Егоров орет еще что-то – уже бессмысленное, состоящее из сплошного мата, и от этих воплей волосы Яны шевелятся на затылке. Она не знает, что сделает Егоров, если поймает ее, но догадывается, что все может оказаться хуже, чем она может себе представить, хуже, чем драка, в которой она обязательно будет побита. Яну захлестывает отчаяние. Ей придется драться один на один. Никто не поможет. Егорову не пригрозит случайный прохожий. Ольга не выйдет из-за угла и не даст ему по морде. Учитель не выглянет случайно из окна на школьный двор. Голодный Мальчик… Неизвестно, куда девается Голодный Мальчик, когда они уходят. Может, просто исчезает. Может, ее единственный шанс – свернуть, затеряться в зарослях, спрятаться, отсидеться, потому что Голодный Мальчик не придет, чтобы защитить ее. Но Яна бежит к Коги, растрачивая последние силы, без надежды, без расчета, бездумно, как животное.
Потому что она знает, что Голодный Мальчик ждет. Яна чувствует его присутствие, всем телом ощущает сдвиг, неподдающуюся разуму неправильность, означающую, что Голодный Мальчик уже здесь. Он уже проголодался, и это Егорову надо бояться. Она бежит к Коги нарочно, знает, что на самом деле – нарочно, знает, что давно могла бы спрятаться так, что никто не нашел бы. Мысли эти – холодные и легкие; они отдельным туманным облачком несутся над головой. Егоров замолкает, и Яна слышит лишь его тяжелое дыхание. Во рту появляется привкус крови, десны пульсируют. В боку начинает колоть; Яна втягивает живот под самые ребра, и боль замолкает, чтобы вернуться, стоит только ослабить мышцы. Стланики заканчиваются; Яна бежит через марь, через песчаные плеши, по пологим склонам, цепляя коленями березу. Торфяная тропинка пружинит под ногами. Хриплое дыхание Егорова обжигает спину. Впереди недобро поблескивает черный зрачок озера. Поджидает, внимательный и спокойный.
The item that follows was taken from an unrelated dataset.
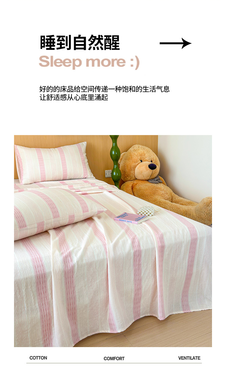 商品名称:感遇家纺 2025新款全棉双层纱单品床单床笠枕套-单床笠 简爱粉
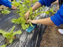 1畝に160ポットの苗を定植します。最初はぎこちなかった手つきも数をこなすうちに慣れ、要領もよくなってきました。この間の暑さに加え、立ったりしゃがんだりの繰り返しで作業は大変です。

Так ему и надо, думает Яна. Так ему и надо.
Он догоняет ее уже на берегу, хватает за шиворот, обдав запахом табака и ирисок. Яна разворачивается, хватаясь руками за воздух, и Егоров бьет ее кулаком в лицо. Нос становится горячим, невесомым и тут же тяжелеет, будто залитый кипящим киселем. Егоров бьет в живот; кишки скручивает, и очень хочется в туалет. Яна вслепую тычет кулаками перед собой и даже попадает: костяшки отдаются болью. Егоров отклоняется; она пинает его по голени и, тонко завизжав, вцепляется зубами в предплечье занесенной руки, рядом с краем задравшегося рукава. Егоров орет и хлещет ее свободной ладонью по голове, по лицу, по шее, звонко и оглушающе, как ремнем. Яна сжимает челюсти, давясь от отвратительного привкуса чужой кожи, пока не упирается в загадочный стопор, который находится не в зубах, не в мышцах или связках, а в голове. Ее тело знает, что дальше – нельзя. Егоров трясет рукой, челюсти выламываются, и голова Яны мотается, будто вот-вот оторвется, а потом вдруг все замирает.
– Я тебя убью, – говорит Егоров быстро и тихо, и Яна ему верит. Она ошиблась, Голодный Мальчик не придет. Ничего не понарошку. Ее перекинуло через грань, за которой кончается знакомый мир и начинается кошмар.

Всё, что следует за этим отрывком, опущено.